*WORK REQUIRED*: Every line of the material needs an exact copy, apart from the images.

____ DATA BELOW

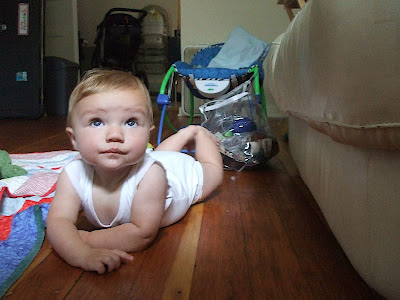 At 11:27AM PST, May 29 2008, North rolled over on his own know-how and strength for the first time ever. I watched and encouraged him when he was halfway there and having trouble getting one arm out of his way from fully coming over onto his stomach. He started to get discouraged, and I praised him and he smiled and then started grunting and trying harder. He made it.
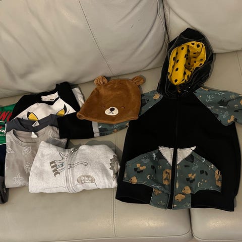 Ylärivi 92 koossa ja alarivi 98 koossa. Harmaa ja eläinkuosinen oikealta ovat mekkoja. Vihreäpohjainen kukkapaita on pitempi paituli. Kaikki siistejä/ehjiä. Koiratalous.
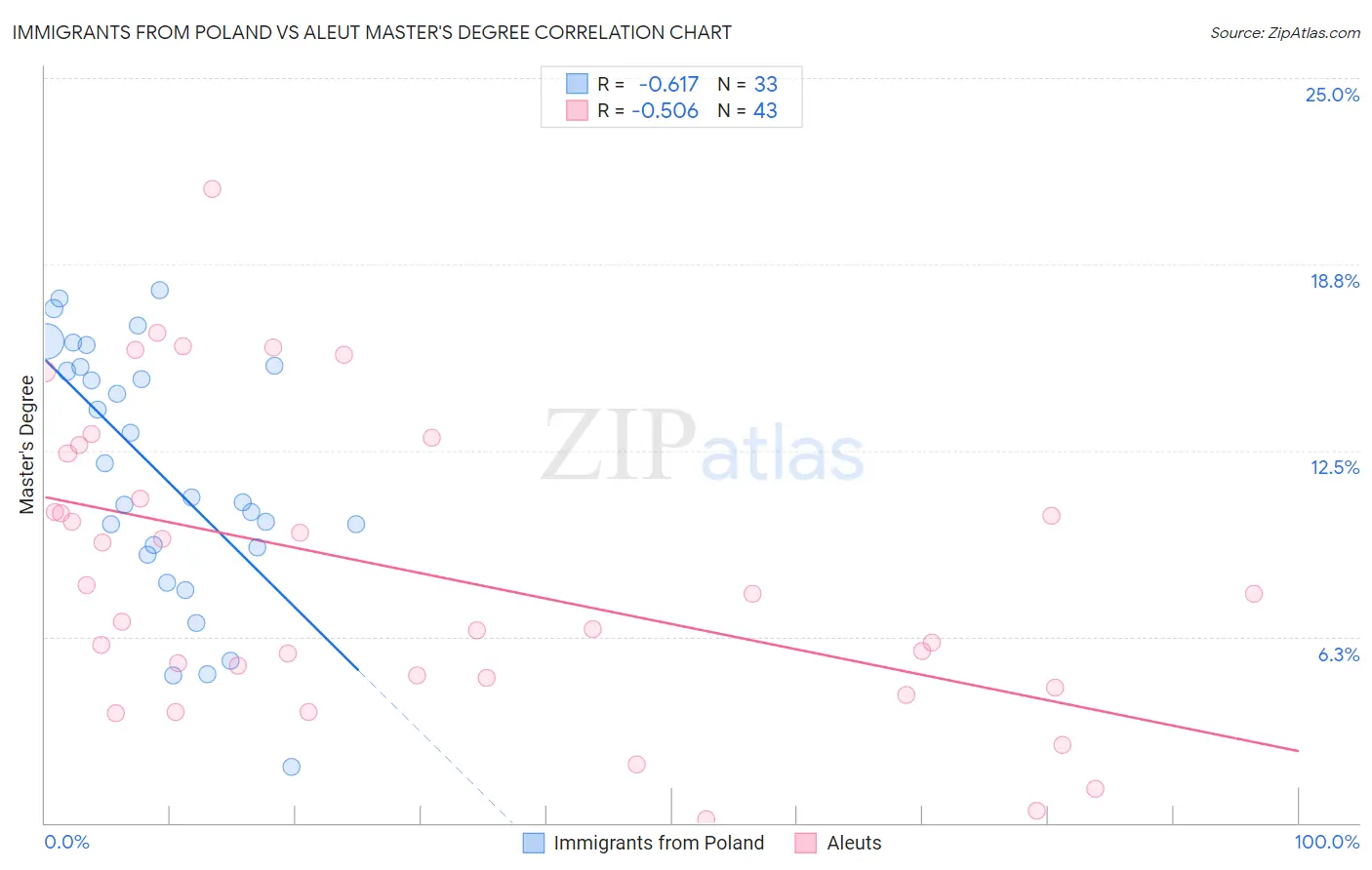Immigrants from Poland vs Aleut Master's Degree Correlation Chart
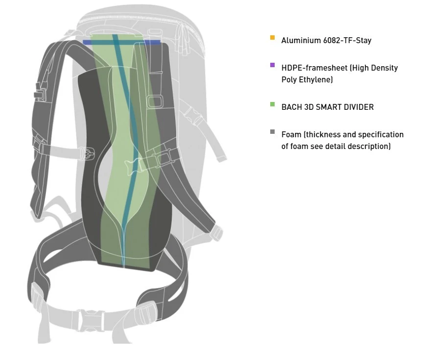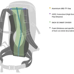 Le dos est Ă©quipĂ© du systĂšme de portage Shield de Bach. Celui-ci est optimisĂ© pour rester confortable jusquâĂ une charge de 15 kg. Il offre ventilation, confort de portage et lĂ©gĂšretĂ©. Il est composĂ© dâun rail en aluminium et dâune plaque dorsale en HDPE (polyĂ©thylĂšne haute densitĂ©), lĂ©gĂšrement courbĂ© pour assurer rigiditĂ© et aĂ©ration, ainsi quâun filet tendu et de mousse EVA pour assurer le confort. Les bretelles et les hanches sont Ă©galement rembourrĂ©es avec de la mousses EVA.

________

*EXERCISE SOLUTION*:
 At 11:27AM PST, May 29 2008, North rolled over on his own know-how and strength for the first time ever. I watched and encouraged him when he was halfway there and having trouble getting one arm out of his way from fully coming over onto his stomach. He started to get discouraged, and I praised him and he smiled and then started grunting and trying harder. He made it.
 Ylärivi 92 koossa ja alarivi 98 koossa. Harmaa ja eläinkuosinen oikealta ovat mekkoja. Vihreäpohjainen kukkapaita on pitempi paituli. Kaikki siistejä/ehjiä. Koiratalous.
Immigrants from Poland vs Aleut Master's Degree Correlation Chart
 Le dos est Ă©quipĂ© du systĂšme de portage Shield de Bach. Celui-ci est optimisĂ© pour rester confortable jusquâĂ une charge de 15 kg. Il offre ventilation, confort de portage et lĂ©gĂšretĂ©. Il est composĂ© dâun rail en aluminium et dâune plaque dorsale en HDPE (polyĂ©thylĂšne haute densitĂ©), lĂ©gĂšrement courbĂ© pour assurer rigiditĂ© et aĂ©ration, ainsi quâun filet tendu et de mousse EVA pour assurer le confort. Les bretelles et les hanches sont Ă©galement rembourrĂ©es avec de la mousses EVA.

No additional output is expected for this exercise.